Following similar logic, India did not approve st Telemedia’s entry into mobile operator Idea Cellular, because SingTel already has a stake in Bharti Televentures, a rival. Meanwhile, Korea turned down DBS Bank’s bid for Korea Exchange Bank, because under Korean regulations, Temasek (as DBS’s parent) is considered a nonbanking group. Likewise, Temasek could not increase its stake in ICICI Bank because another state-owned Singaporean entity, the Government of Singapore Investment Corp. (GIC) also has a stake in that bank, and if Temasek were permitted to increase its stake, Singaporean interests in ICICI Bank would have gone beyond 10%, the limit Indian regulations allow. Temasek has not been able to convince Indian regulators that it is independent from GIC or the Singapore government.

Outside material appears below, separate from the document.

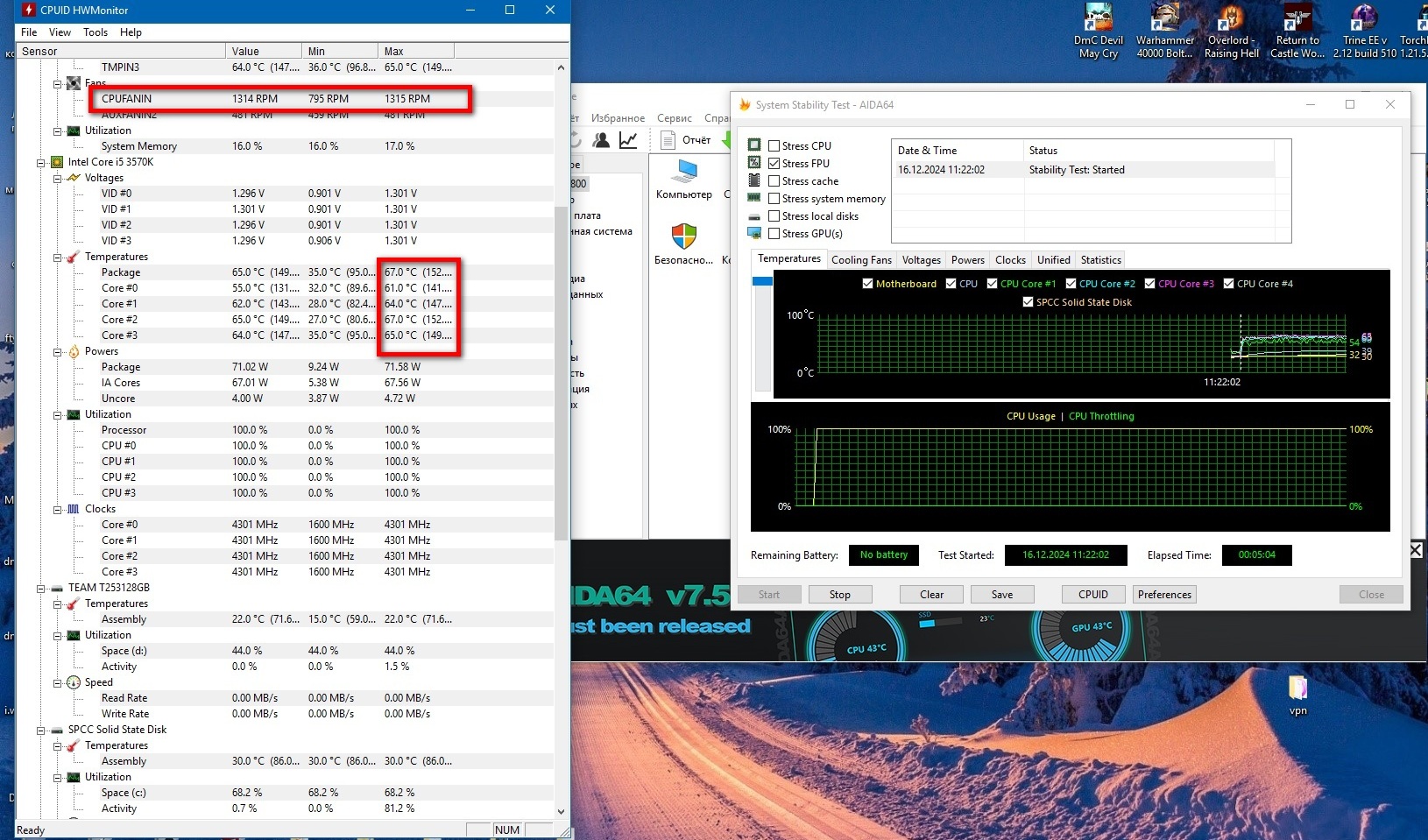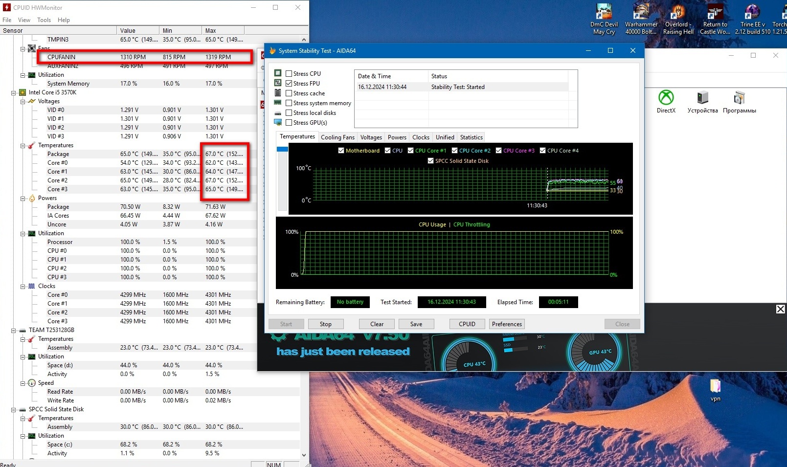 Тестирование пройдет в программе AIDA64 (FPU only) в течение 5 минут.

Many of the executives of Singapore’s GLCs, including Temasek, have spent a large part of their careers as civil servants. Bureaucracy anywhere is designed to be risk-averse; its management ethos is not wired to produce the kind of returns that markets sit up and notice. As risk avoidance becomes a priority, executives take comfort by tying up with parastatals, or large corporations run by well-connected tycoons. Changing that aspect would require a change in the mindset of Singapore’s establishment.

When Temasek published its first financial report in 2004, Standard and Poor’s said that its investment strategy had produced “inferior” returns over the five previous years when compared with similar companies. A 2004 study said that Temasek’s major listed companies had yielded a return of only 1.7% annually since their listings. Low returns was a matter raised in the Singapore Parliament as well.

But such criticism misses the broader point. Temasek’s mission statement is to create and maximize long-term shareholder value. But Singapore’s broader strategic objectives may not necessarily require Temasek to do so. Instead of challenging the notion that Temasek is a branch of the Singaporean government, Singapore should recognize how that relationship it is perceived in the region and attempt to improve its image. That would cause less heartburn, and Singapore, Inc. will be able to pursue deals more readily, even if it means ceding the regional field to competitors.

Mr Tripathi, a former Singapore correspondent of the REVIEW, is a writer based in London.